**Exercise details:** From the line containing "Nuestro Laboratorio Clínico" through the last line of the listing, output each line exactly as it stands. Omit pictures.

**Provided data:**
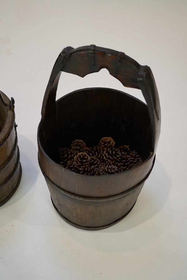 Lot 2 , A Chinese staved wood bucket and a coopered oak bucket with wrought iron swing handle, largest 61cm high
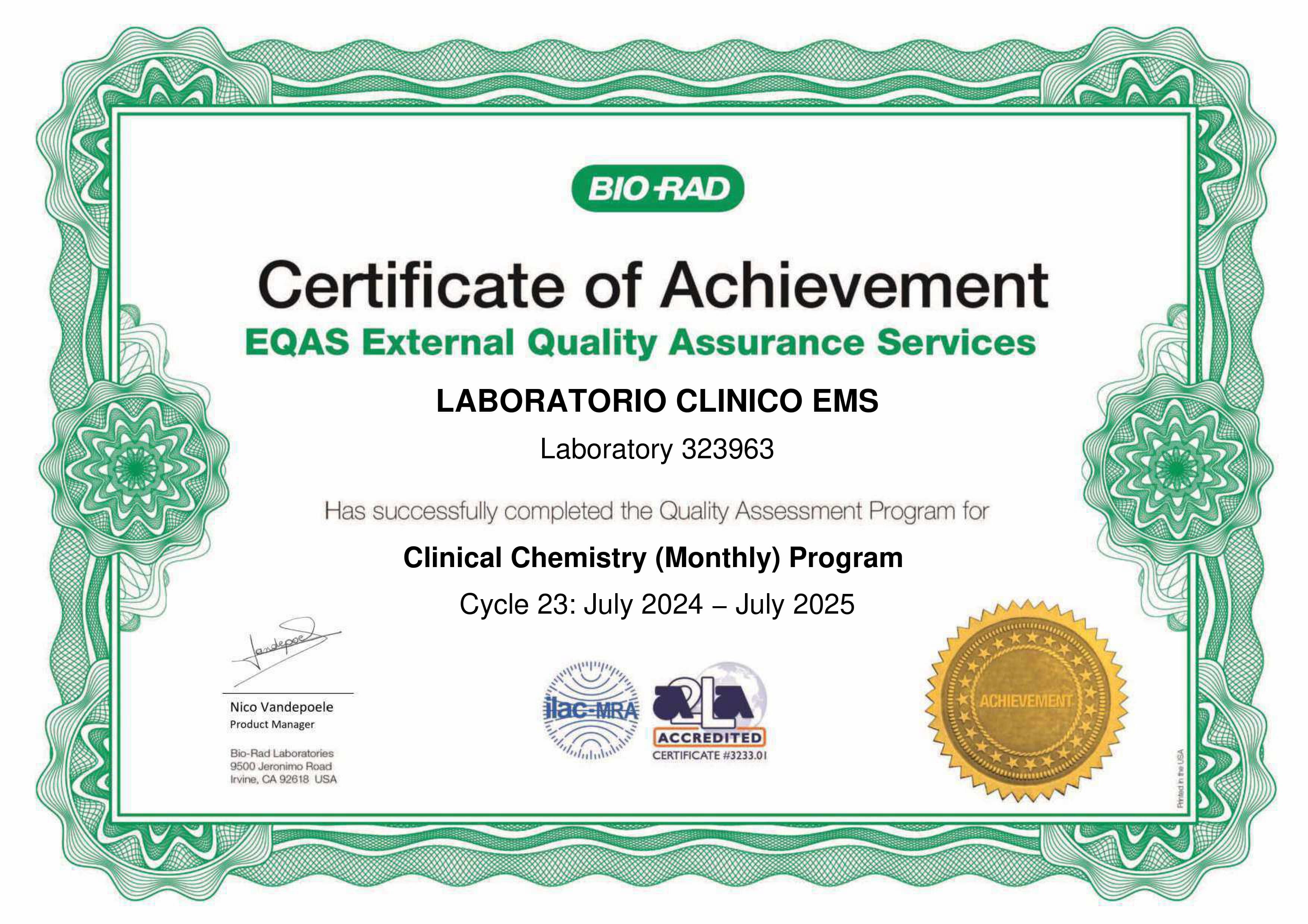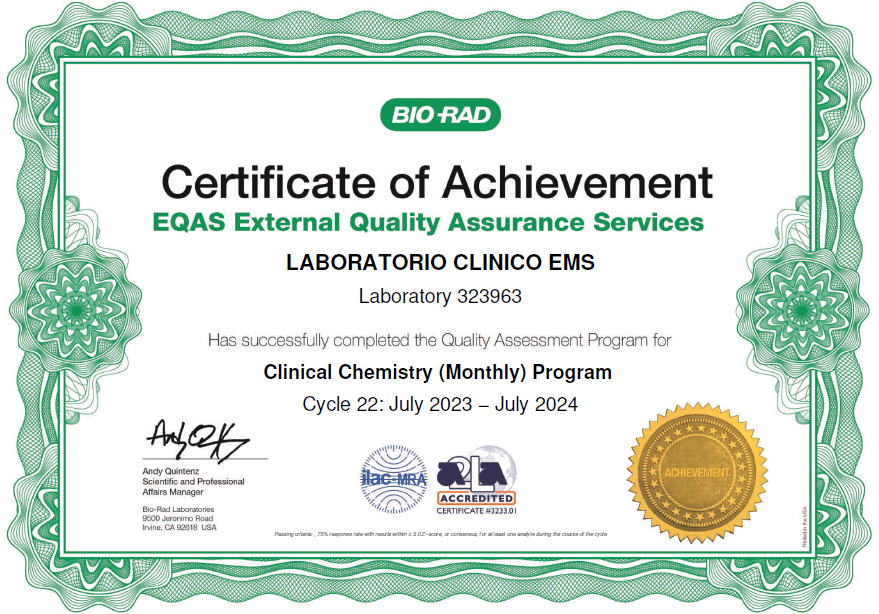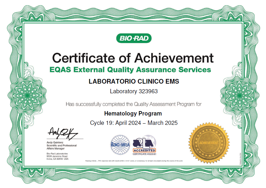 Nuestro Laboratorio Clínico está respaldado por certificaciones de alta calidad y cumple con los más rigurosos estándares, garantizando precisión, confiabilidad y excelencia en cada uno de nuestros servicios.
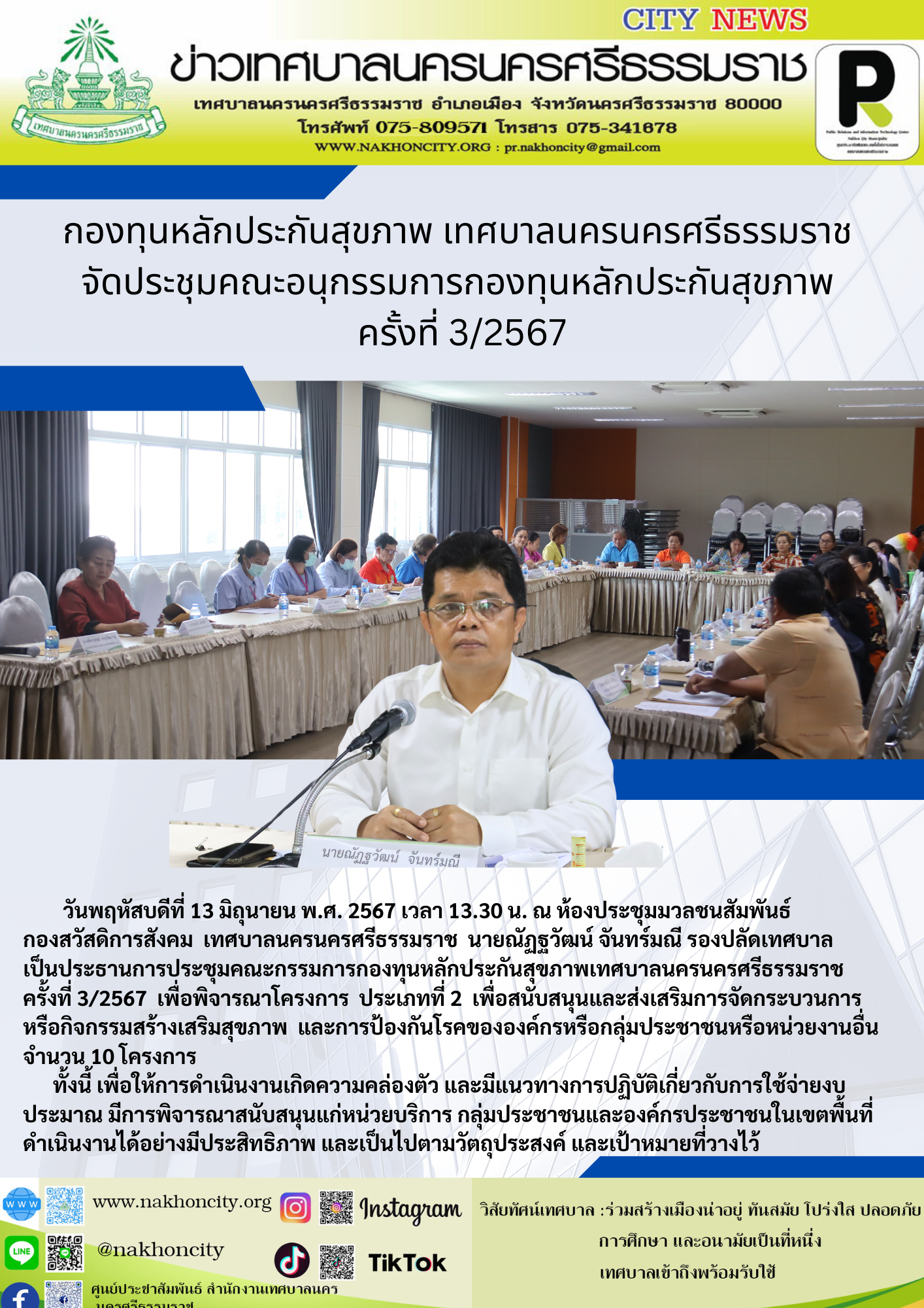 | กองทุนหลักประกันสุขภาพ เทศบาลนครนครศรีธรรมราช จัดประชุมคณะอนุกรรมการกองทุนหลักประกันสุขภาพ ครั้งที่ 3/2567 |

**Task response:**
 Nuestro Laboratorio Clínico está respaldado por certificaciones de alta calidad y cumple con los más rigurosos estándares, garantizando precisión, confiabilidad y excelencia en cada uno de nuestros servicios.
 | กองทุนหลักประกันสุขภาพ เทศบาลนครนครศรีธรรมราช จัดประชุมคณะอนุกรรมการกองทุนหลักประกันสุขภาพ ครั้งที่ 3/2567 |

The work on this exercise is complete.